The first idea plays out through a proliferation of mirroring techniques in the piece. There are, for example, the myriad screens with which performers and spectators interact: the television monitors that play the Xbox dance and music games with which we are invited to interface, mimicking the grooves of various cross-species avatars; the larger screens upon which the record of these efforts is sometimes streamed; even the screens of performers' smart phones, which they take out at one point in order to attempt a hilarious real-time reenactment of a group folk dance posted to YouTube. But Digital Folk complicates this particular feedback loop of connectivity by including other kinds of mirroring, including that which takes place all the time in a studio between dancers practicing their technique or learning new choreography. At various points throughout the piece, one performer will begin following another, attempting to reproduce the other's improvised movement as their partner wends this way or that way throughout the space; after a while, however, it becomes difficult to tell who is following whom. Then there is the outstretched palm used to start up the video games that in one powerful moment of stillness magically becomes a gestural hail to all the performers. Mirroring is also transferred to the grain of the voice, with the deliberately awful vocal mimicry of The Sally Field Project house band to classic tunes called up through software memory contrasting with the virtuosic display of human memory as Jane Osborne and James Gnam take turns echoing each other during a shared recitation and riff on a scientific article dealing with perceptual and spatial recall. The event of the echo, a vocal delay, returns sound to one altered, changed, so that the singular voice becomes double, something also neatly captured in this performance through the polyphonic--and polyglot--telling of a folk tale in multiple languages by Natalie LeFebvre Gnam, Diego Romero, Shion Carter, and Vanessa Goodman.
In Digital Folk the audience becomes a fundamental part of the tale being told. Invited to don various bits of costume as we enter the performance space--an immersive installation built within the Wong Theatre--we are then free to roam about the wonderful set designed by Natalie Purschwitz and lit by James Proudfoot, taking a seat on the stacked blocks in the centre, lying down on a bit of indoor-outdoor carpet, joining the performers and fellow audience members in a group dance to one of the videos, or just standing and watching in the corner. And while there are certainly moments in the piece--for example, at the end when Romero and Bevin Poole Leinweber perform a duet of David Bowie's Starman on the ukulele--where the audience is prompted to adopt the spectating habits of a traditional proscenium setting, becoming silent and still and directionally attentive, what struck me in this version of the show is how much I wanted to participate: twice getting up to shake it, shake it alongside Goodman and Lexi Vajda and others to different dance videos; and accepting without hesitation a slow dance to Freebird with fellow audience member Walter. And it is in these unscripted--or rather, unprogrammed--bodily encounters that Digital Folk as a live performance interrupts the one-way circuitry of human-computer interaction.
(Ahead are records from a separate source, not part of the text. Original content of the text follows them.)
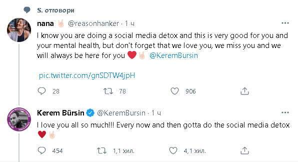 Ето как е отговорил Керем на една фенка в социалните медии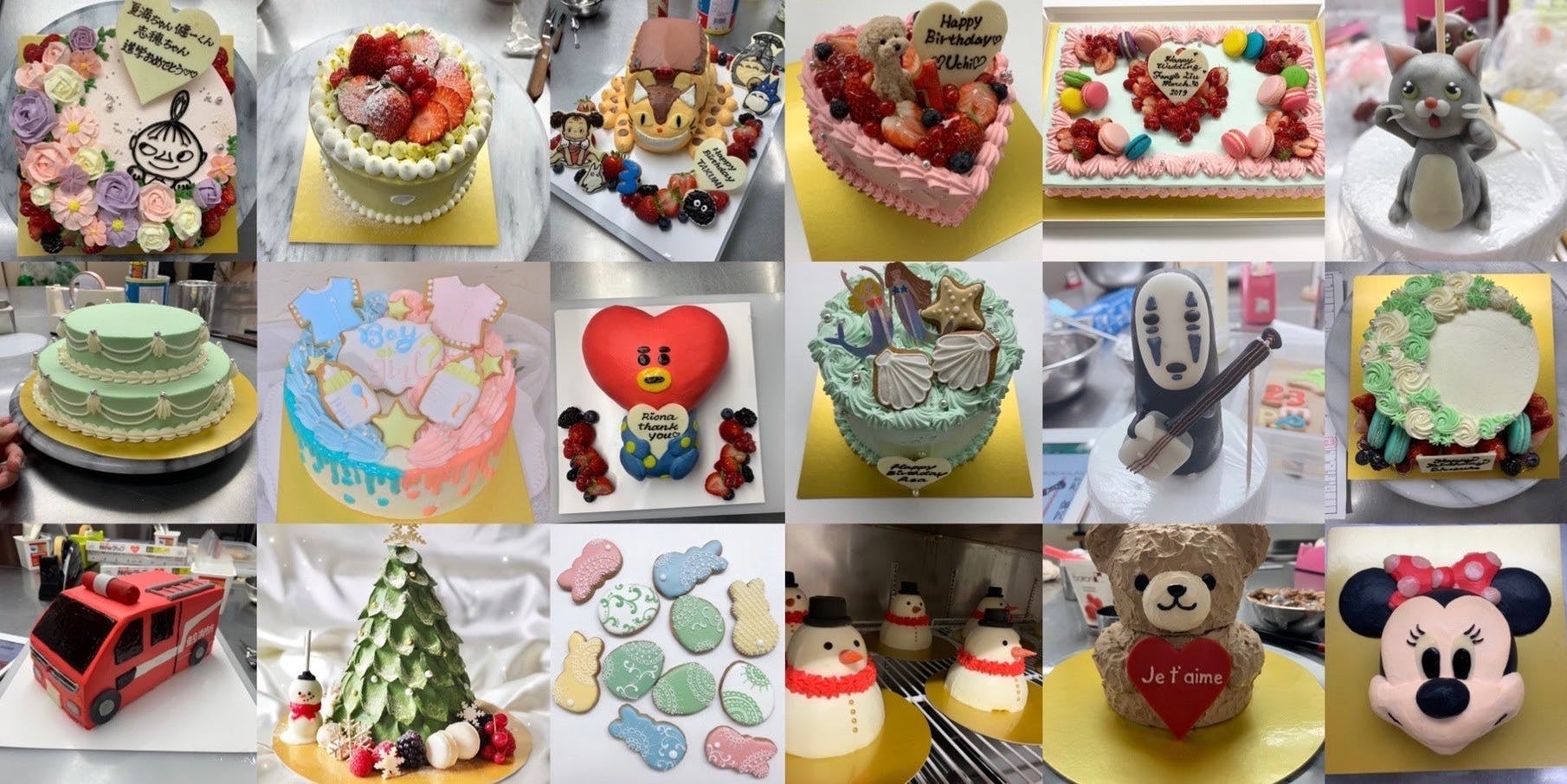 イラストケーキや、立体ケーキ、アイシングクッキー、マジパン細工など、、、時には某有名人のケーキなどを作ることも!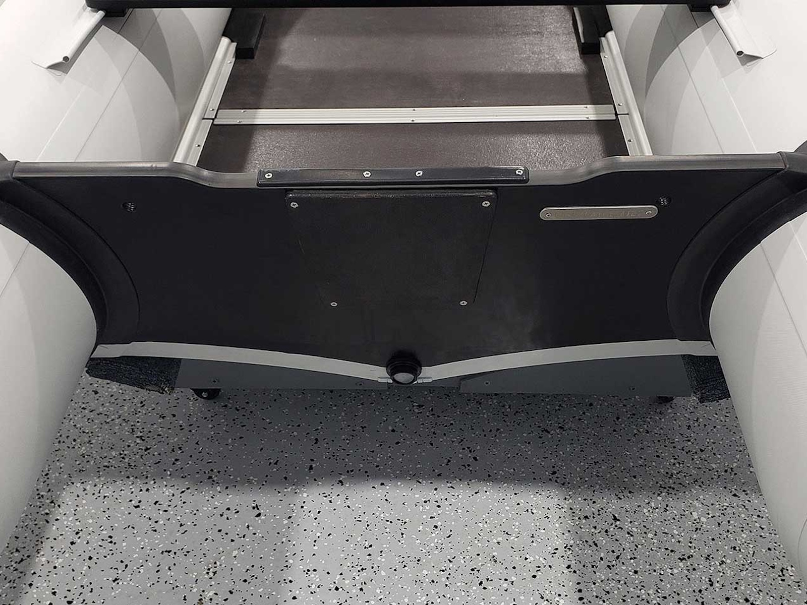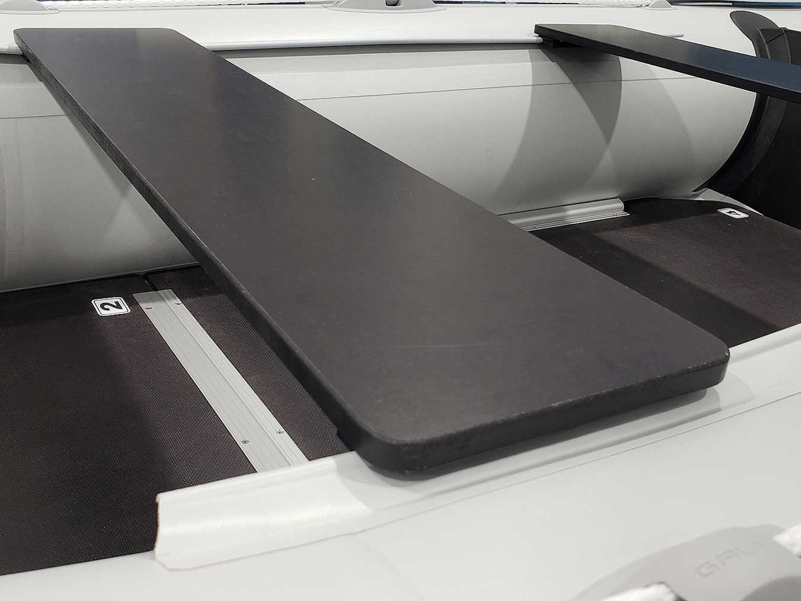 There are 5 models ranging from 8 ft. to 12 ft. long, each taking around 15 minutes to assemble, and are easy to store. Flooring with laminated plywood floorboards and aluminum reinforcement beams  is simple to use, requires no maintenance, and is comfortably stable for all on board. Nice seating with a sliding installation system allow for the opportunity to rearrange the cockpit space in seconds, no matter if you are on the water, deck, or davits!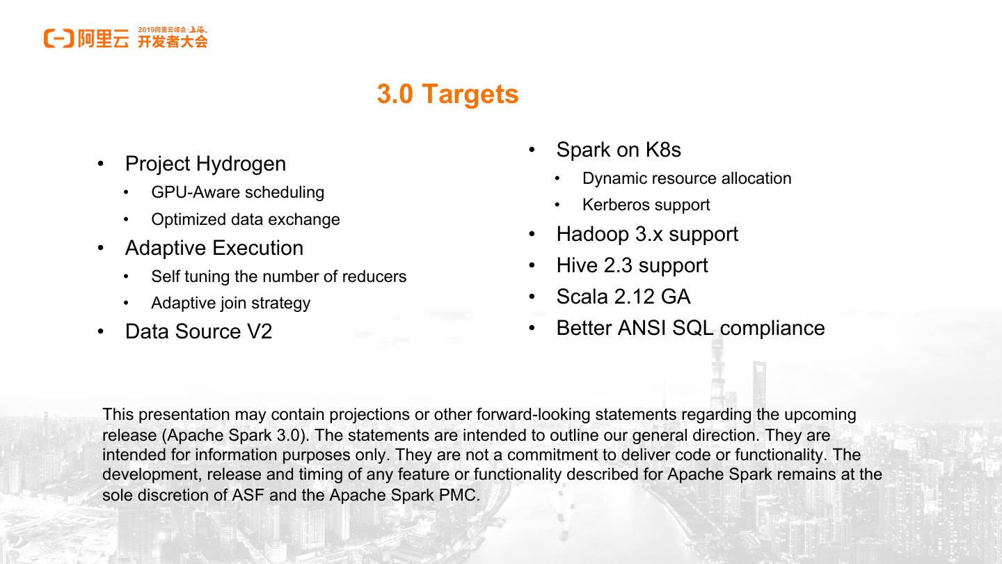 21 . 3.0 Targets • Spark on K8s • Project Hydrogen • Dynamic resource allocation • GPU-Aware scheduling • Kerberos support • Optimized data exchange • Hadoop 3.x support • Adaptive Execution • Self tuning the number of reducers • Hive 2.3 support • Adaptive join strategy • Scala 2.12 GA • Data Source V2 • Better ANSI SQL compliance This presentation may contain projections or other forward-looking statements regarding the upcoming release (Apache Spark 3.0). The statements are intended to outline our general direction. They are intended for information purposes only. They are not a commitment to deliver code or functionality. The development, release and timing of any feature or functionality described for Apache Spark remains at the sole discretion of ASF and the Apache Spark PMC.

Nowhere was this more apparent to me than in that space of free play that occurs between the end of one nightly iteration of the performance and the start of another. To explain: Digital Folk, which is about an hour long, runs on a loop at 7, 8 and 9 pm over the course of an evening. Audience members are free to come in and out and to stay for as long as they like. While Richard and I, having both had long days, chose to leave after an hour, in ceding our show garments to new arrivals we were able to pass on a bit of recently acquired folk wisdom about how to be with others in this truly amazing performance space.
It has been fascinating to watch the development of Digital Folk. Just in the month since its penultimate test run at the Shadbolt the piece has undergone a superb edit in both content and form--though I do wish The Sally Field Project were still ethnomusicologists from the future. Transitions between different bits have tightened and all the performers have become freer and looser in improvising with the always shifting rules of this particular game. This includes the student interns from SFU's School for the Contemporary Arts, who in a unique arrangement facilitated through SFU Woodward's Cultural Programs (a co-presenting partner on the show) have gained valuable artistic experience through this project. Carter, Kayla DeVos, Rachel Helten, Hannah Jackson and Rachel Silver have all proven their chops alongside the more seasoned professional performers mentioned above. That three of them also got to see their former professor lamely execute a familiar repertoire of pop choreography (pelvic thrusts and finger points included) is something I'm more than happy to live with.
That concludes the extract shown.